The Sequence Protocol

The range builtin returns a list, which (as the de facto sequence type) implements all the sequence protocol methods. xrange was intended to replace range (and did in Python 3.x), so it, too, must support all that a sequence supports.

So, what does a sequence support? Sequences have a finite, ordered bunch of elements, which means they have a length (they support len), they support indexed access (with the [] operator), and most importantly, they can be iterated -- in forward order with a for loop, and in reverse order with the help of the reversed builtin. These behaviors are all implemented by way of "dunder" methods, and typically accessed using language syntax (as with for ... in) or builtins (as with len).

Sequences also support two instance methods: index, which returns the 0-based position in the sequence of the first occurrence of the argument, and count, which returns the number of occurrences of the argument.

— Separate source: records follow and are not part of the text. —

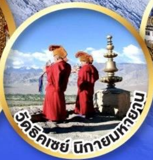
วัดริคเชย์ นิกายมหายาน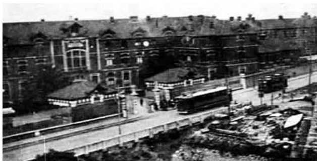
El tranvía eléctrico a su paso por el Hospital

El hospital de Basurto cuenta hoy con unas instalaciones de 1ª línea, se adapta a las nuevas demandas de los usuarios y pone en marcha su II Plan de Remodelación acometiendo, en un horizonte de 20 años los siguientes cambios: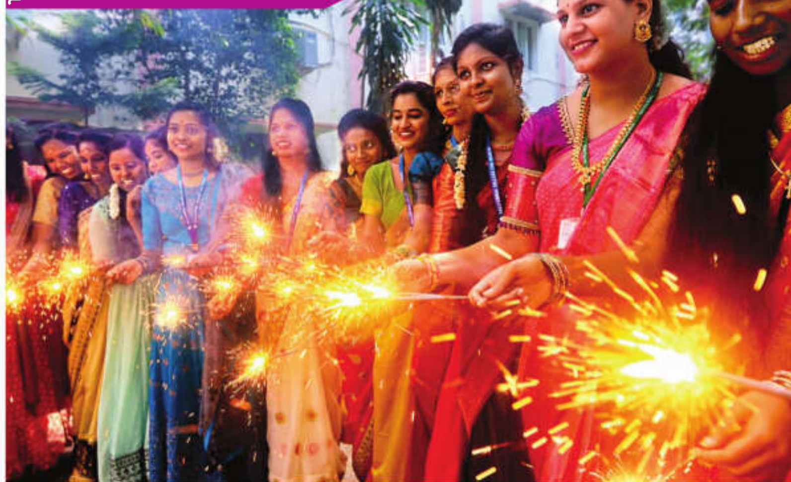
தீபாவளி பண்டிகையை முன்னிட்டு, சென்னை அண்ணாநகர் வளரியம்மாள் மகளிர் கல்லூரி வளாகத்தில் புதன்கிழமை நடைபெற்ற நிகழ்வில் மத்தாப்பு கொளுத்தி மகிழ்ந்த மாணவிகள்.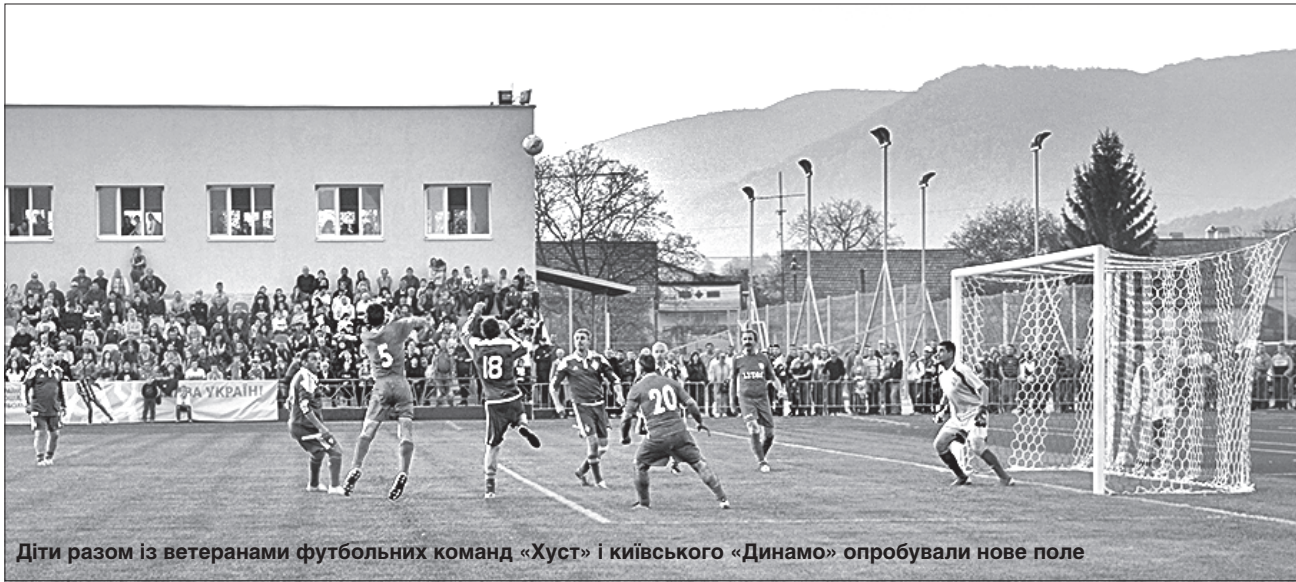
Діти разом із ветеранами футбольних команд «Хуст» і київського «Динамо» опробували нове поле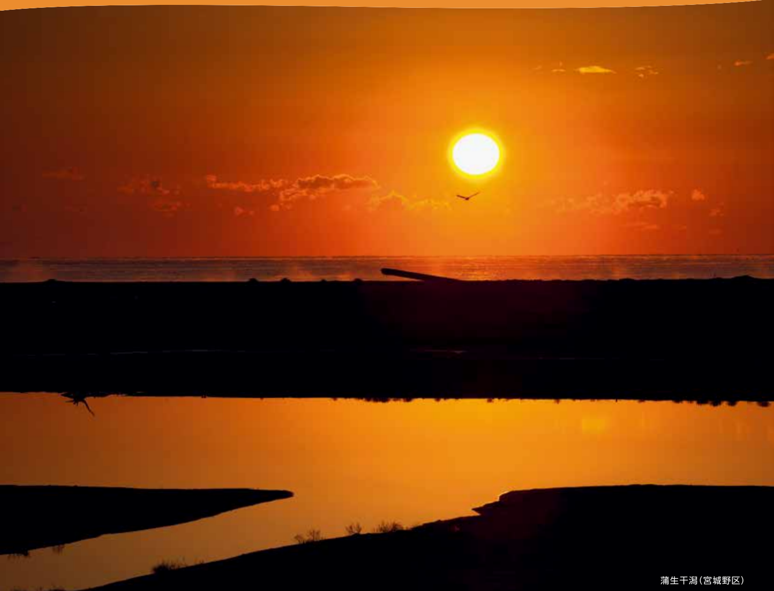
蒲生干潟(宮城野区)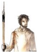
Volume 1 : Texte

Thèse présentée en 2014 pour obtenir le grade de Docteur en Préhistoire, Ethnologie et Archéologie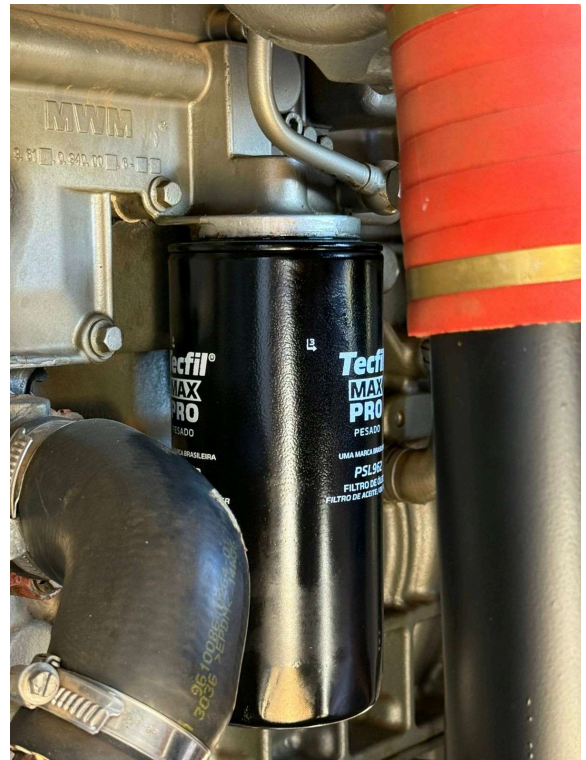
FILTRO XXXXX NOVO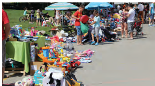
Nouveau succès pour la 2 e brocante des enfants, organisée par le Sou des écoles.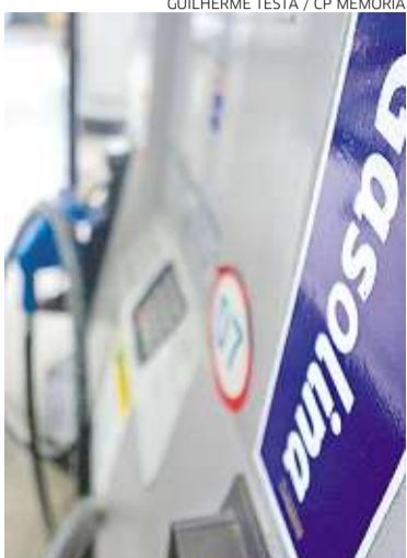
Diesel deve ficar R$ 0,21 mais caro

A alíquota do PIS/Cofins para a gasolina mais que dobrará, passando dos atuais R$ 0,38 por litro para R$ 0,79 por litro. A estimativa de arrecadação com o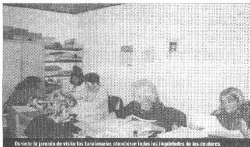
Durante la jornada de visita los funcionarios atendieron todas las inquietudes de los deudores.

En el marco del Decreto 2000 de la Dirección Provincial de Vivienda de la Provincia de Santa Fe, nos visitaron funcionarios de las áreas comercial, legal, y social de dicha Dirección para asesorar y formalizar convenios con deudores de cuotas de los distintos planes habitacionales de nuestra localidad.

Perhaps surprisingly, we can actually implement all of this functionality with constant-time and constant-space operations, using only the bounds of the xrange.

Building an xrange

As a quick refresher, both range and xrange take between 1 and 3 arguments. A single argument defines the length of the sequence (with an implicit starting value of 0). Two arguments define the starting point and ending point (actually, the second argument is the next integer after the last one that will be a part of the sequence). A third argument defines a step value, the number between each of the elements of the sequence. All arguments must be integers.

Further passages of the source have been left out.